I don't play favorites with people. My basic philosophy is that the only way to make the world a better place is by bringing something beautiful to every single person you run into at every moment of the day, so how can you play favorites with somebody?

I'm not striving for happiness, I'm trying to get some work done. And sometimes the best work is done under doubt. Constantly rethinking and re-evaluating what you're doing, working and working until it's finished.

No one sits in front of a drum set and thinks they invented it all out of whole cloth. The fact that the set is there means that you've got some dues to pay to Baby Dodds.

My solo music - I get up onstage, I improvise and it's my improvisation. When I get up onstage with Fred Frith and Mike Patton, then we're improvising together. Then it's not my music; it's our music.

You can't sit down and write 300 compositions in a three-month period and think that you're doing it all by yourself. Obviously, there's something going on here. And whether you want to call it channeling or being connected to a creative force or knowing your history and knowing where you belong, that's, you know, maybe a personal thing.

I used to look at composing music as problem solving. But as I get older, it's not about problem solving anymore. There are no solutions, because there are no problems. You just turn the tap and it flows out.

I started the label Tzadik to support an entire community of musicians, not just Jewish musicians. But the radical Jewish culture movement was begun in a lot of ways because I wanted to take the idea that Jewish music equals 'klezmer' and expand it to, 'Well, Jewish music could be a lot more than that.'

That was my challenge as a composer. Like with anything, to keep yourself interested in doing what you do, you set yourself challenges. So I said, Okay, I'll try to write a hundred tunes in a year.

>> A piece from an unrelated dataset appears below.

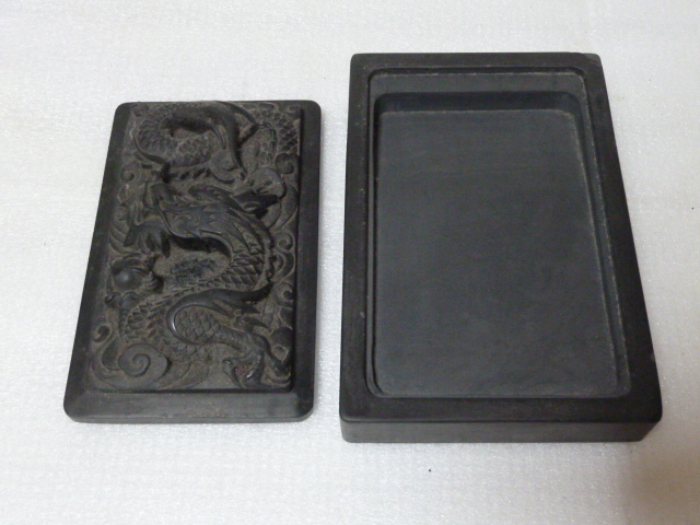 - SIW89◆ 龍彫刻蓋付き 硯 すずり◆ 書道具◆ アンティーク◆

I have not practiced saxophone since 1980. I mean, not one note. I do not pick it up in my house, and that's the end of it.

Classical stuff takes a lot of rehearsal time and preparation, but with stuff that involves improvisation, you can over-rehearse it and it gets stale. You don't want it to be too comfortable. In fact, a good sound check, a good rehearsal usually means a bad performance.

Like you have seven people with their hands up. I gotta make a choice. Y'know, that's tough. Sometimes I gotta go with someone that has an idea and make several calls in a row, because they got an idea.

It's a blast to watch. It's a lot more interesting live than it is on record. I mean, it really is a theatrical event. It's a sporting event! Cause you never know what's gonna happen.

Well, in Japan, I have got a group of musicians that I have worked with a lot, that concentrate just on the hardcore stuff, say, that Naked City has been working on. We have like a repertoire of sixty songs now.

It's a matter of keeping people on a spontaneous edge.

The magic that you find in surf music, I think, is really timeless. You know, when I was very young, I was in a surf band. Surf music is an instrumental music that still means a lot to me, not in an nostalgic way, but as something that really gets to the heart of the guitar itself.

Music is about people for me. It's not about sounds. It's about people; it's about putting people into challenging situations. And for me, challenges are opportunities.

I'm constantly tortured, and that's why I say happiness is irrelevant. Happiness is for children and yuppies.